Penulis: Rais Syaifullah dan fajar Rifki (Mahasiswa Sosiologi Fisip Ubb)
Zaman terus berubah waktu ke waktu tetapi tetap tidak merubah keniscayaan penting dan berharganya perempuan dalam khidupan sosial, kendati begitu realitanya hingga hari ini kita masih menemukan kekerasan terhadap perempuan di ruang publik , termasuk kekerasan dalam unit penting seperti rumah tangga. perempuan dianggap lemah fisik dan kekuatan sosial lalu menjadi sarana pelampiasan emosional kemarahan tak kala terjadi pertengkaran,
Secara alamiah kita akan memperlakukan dengan baik kepemilikan atas sesuatu yang kita anggap bernilai minsalnya dengan menjaga,merawat atau memperlakukan dengan baik objek tersebut, sebaliknya kita akan merasa abai terhadap sesuatu yang tidak bernilai dan semena mena atas barangyang kita anggap tidak bernilai, untuk itu perlakuan terhadap perempuan juga bergantung bagaimana perempuan dimaknai, bernilai dan tidak bernilai, berguna dan tidak berguna pemaknaan insan perempuan harus menjadi konsep awal dan menentukan bagaimana ia akan diperlakukan, menjawab itu diksi dan narasi khusus dipertegas dengan baik dalam literatur agama dalam hal ini islam bagaimana mulia dan berharganya perempuan, tak cukup dengan itu diksi dan narasinya juga mengarahkan ke dalam pembelaan,rewards dari sisi perempuan atau keluarga yang mengurusinya dan peran istimewa yang tidak dapat di miliki oleh laki laki terhadap perempuan yang mengindikasikan berharganya perempuan
Berkaca dari sejarah pra-islam minsalanya oleh orang arab, jangankan untuk berkembang menjadi dewasa, anak perempuan yang baru lahir di zaman sebelum islam oleh orang arab lumrah untuk dikubur hidup hidup tanpa kesalahan lantaran mengetahui bahwa anak mereka yang lahir adalah seorang perempuan yang mereka anggap sebagai aib atau sebab malu, ini juga diabadikan dalam QS. An-Nahl yakni:
وَإِذَا بُشِّرَ أَحَدُهُمْ بِالْأُنْثَى ظَلَّ وَجْهُهُ مُسْوَدًّا وَهُوَ كَظِيمٌ . يَتَوَارَى مِنَ الْقَوْمِ مِنْ سُوءِ مَا بُشِّرَ بِهِ أَيُمْسِكُهُ عَلَى هُونٍ أَمْ يَدُسُّهُ فِي التُّرَابِ أَلَا سَاءَ مَا يَحْكُمُونَ
“Dan apabila seseorang dari mereka diberi kabar dengan (kelahiran) anak perempuan, hitamlah (merah padamlah) mukanya, dan dia sangat marah. Ia menyembunyikan dirinya dari orang banyak, disebabkan buruknya berita yang disampaikan kepadanya. Apakah dia akan memeliharanya dengan menanggung kehinaan ataukah akan menguburkannya ke dalam tanah (hidup-hidup)?. Ketahuilah, alangkah buruknya apa yang mereka tetapkan itu.” (QS. An-Nahl [16]: 58).

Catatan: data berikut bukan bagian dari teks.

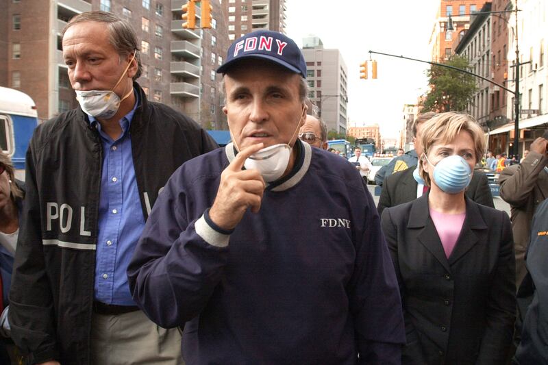 New York Gov. George Pataki, New York City Mayor Rudolph Giuliani, and Sen. Hillary Rodham Clinton tour the site of the World Trade Center disaster the day after the attack.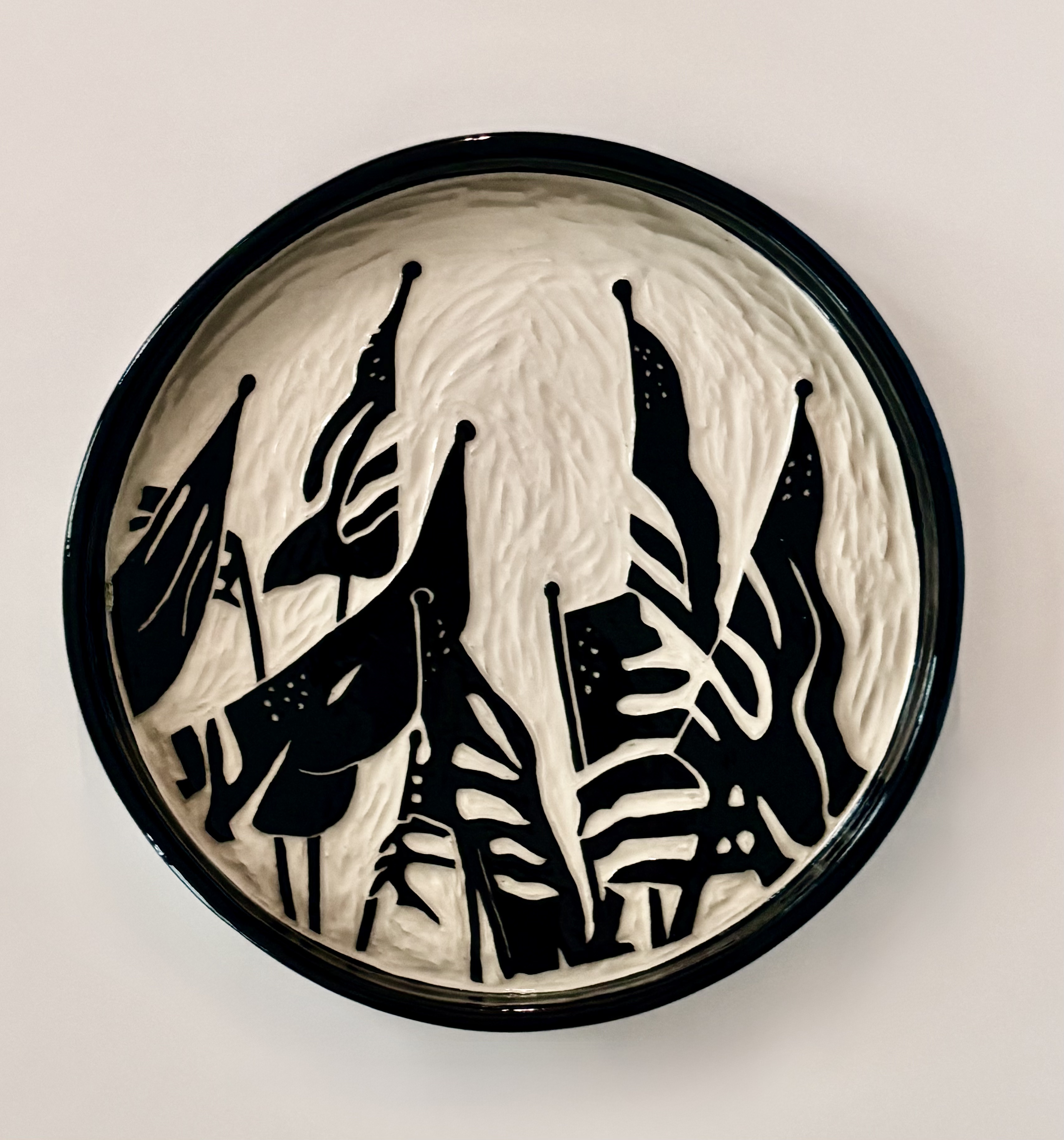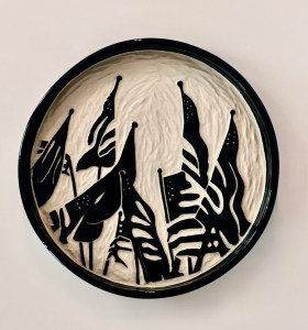 ARTIST BIO: Bonnie Mitchell is a local professional artist who creates one-of-a-kind ceramic artwork in her Milford studio. She creates striking black and sgraffito pottery. Twenty-five years ago she learned the basics of clay at Annie’s Mud Pie Shop. Since then she has been self taught. She has won awards at local art events and teaches sgraffito at Cincinnati Nature Center and Whistle Stop Clay Works.

Kemudian perempuan dalam keluarga dapat diwarisi oleh orang Arab pra-islam dengan memberikan hak atas seorang anak untuk mewarisi istri ayahnya Sementara itu perempuan tidak boleh mendapatkan hak waris dan kepemilikan harta benda dalam keluarga. Ketika lahir saja menjadi aib dan rasa malu apalagi dalam khidupan, perempuan sulit mendapatkan hak dan kehormatanya karena berada dalam tingkatan terendah dalam struktur sosial dimasa itu,
tidak ada pembelaan bagi perempuan jika di perlakukan brutal, dan tidak ada rewards dan rasa hormat mana kala ia hidup sebagai perempuan ,Kondisi seperti ini bukan hanya terjadi di arab dahulu saja melainkan juga banyak terjadi Persia, Hidia dan negeri-negeri lainnya.